Все б хорошо, да только друг мой верный больно голодом изводился, в брюхе у него урчало так, что Былхвост шарахался и лаем с испугу заходился. Прям, в ушах уже звенело от его лая.  Коренья не спасали, у него перед глазами пироги с зайчатиной так и стояли. Поскучнел, только об одном и думал, чем брюхо себе набить. Шестого дня вышли мы к речушке небольшой. Вода чистая, небо ясное в ней отражается. Неум хотел рыбы наловить, острогу крепкую вырезал. Да рыба вся в глубины от такой жары ушла. К вечеру может и разгуляется, только Неуму уже ждать невмочь. Пошел он заячьи норы искать, охотой промышлять, а я на берегу осталась.

Прилегла на камушек, воды ладонями зачерпнула. Водица прохладная, приятная на вкус. Круги на воде растаяли… и отражение мое стало ясным и четким. Прав был батюшка, я и есть пародия на весь женский род. А ухи-то, ухи…ну, надо же было такой уродиться? Нет, лучше уж в стоячую воду не смотреться. Нельзя быть такой честной, нельзя. Но и смысла заморачиваться по поводу красы своей удручающей не стоит, и так жить можно. Вон, сколько прекрасного и интересного в мире этом, каждый день радует… когда воды стоячей рядом нет. 

Ухо мое уловило странный звук. На миг мне показалось, что сирена морская сказочная голосом своим меня в омут смертельный зазывает. Или птица Гамаюн пророчествует, предсказывает мне судьбу несладкую, скитаний полную. Вон и молния сизая уж в небе чистом сверкнула, и зашипела змеей подколодной, и душу свистом рвет. Испугалась я знака страшного, в кусты рванула.

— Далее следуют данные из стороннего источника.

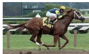
Indian Vale

Indian Vale certainly looked like the goods taking her first three starts by a combined 25 lengths, including a pair of Saratoga allowances, but disappointed in her first chance versus stakes company, finishing fifth in the Oct. 1 GII Cotillion H. at Philly Park with Hall of Famer Angel Cordero, Jr. aboard. "She didn't seem to handle the track at all that day," trainer Todd Pletcher said. "Angel said he knew he was in trouble when she was going into the first turn. She's come back in good shape and we're anxious to stretch her out to a mile and an eighth."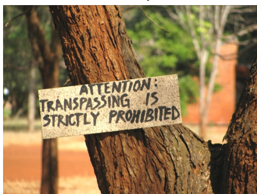
Not a common word, but I guess it's correct.

There is nothing long which does not have an end.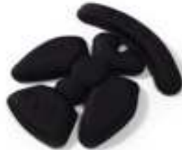
Head Liner Foam Padding NV3-735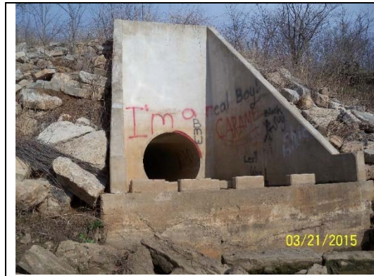
ST/Jenks #4016 60" – 3.22' below, Photo 1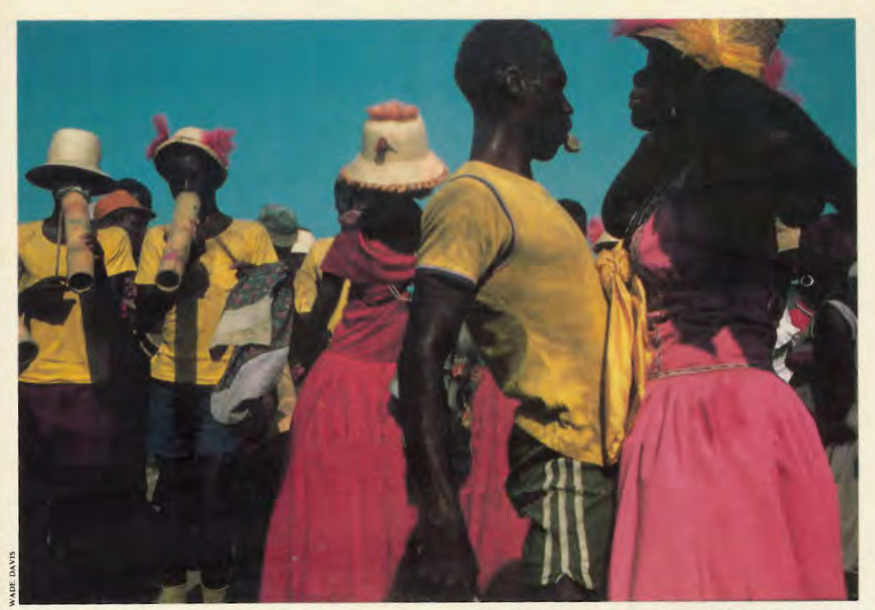
During a spring festival around Eastertime, the Haitian countryside explodes with Rara bands of vodoun aco-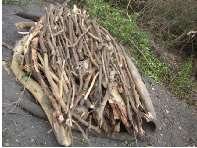
Wood for charcoal kilns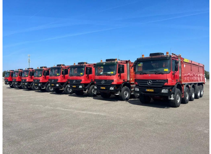
Mercedes-Benz 6 x Mercedes 5044AK10 x 8 /// ... 10x8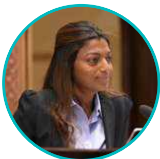
HON. EVA ABDULLA DEPUTY SPEAKER OF PARLIAMENT MALDIVES

Hon. Eva Abdulla is currently the Deputy Speaker of the People's Majlis of the Republic of Maldives and has been a representing member since the year 2009. This is her third term as a parliamentarian.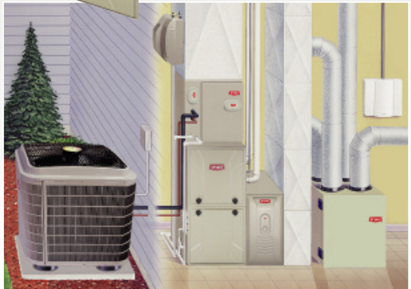
HYBRID HEAT® Deluxe Heat Pump and Deluxe Gas Furnace System

Да не успела добежать. Жмурик возник как из-под земли, а на него сокол камнем упал, схватил когтями, да в небо с добычей рванул. Ага, не на тех нарвался! Схватила я дрыну, да как треснула птицу хищную. От всей души звезданула. Когти враз разжал, крылом дернул, да дуба врезал. Лежит пучком, дух вон, и лапки кверху. Кот на радостях мне на загривок запрыгнул, шипит, глаза как блюдца. А справа всадники приближаются, трубят в рог, мчат во весь опор.

И тут дошло до меня, что охота эта царская, а Неум, полудурок, как всегда все перепутал. Кони-то в упряжи драгоценной, одежды цены незнамо какой. А птицу их ловчую я только что кокнула как курицу ободранную, и пощады не жди. За выходку такую посадят меня на кол, и прощай девственность. Мать честная! Что ж я натворила, бедовая! И собаки гончие все ближе, ох, и несдобровать мне! Етит твою мать! Ухватила я птицу, на камень закинула, на котором лежала давеча. А вот уж сокольничьи закружили, собаки того и гляди порвут.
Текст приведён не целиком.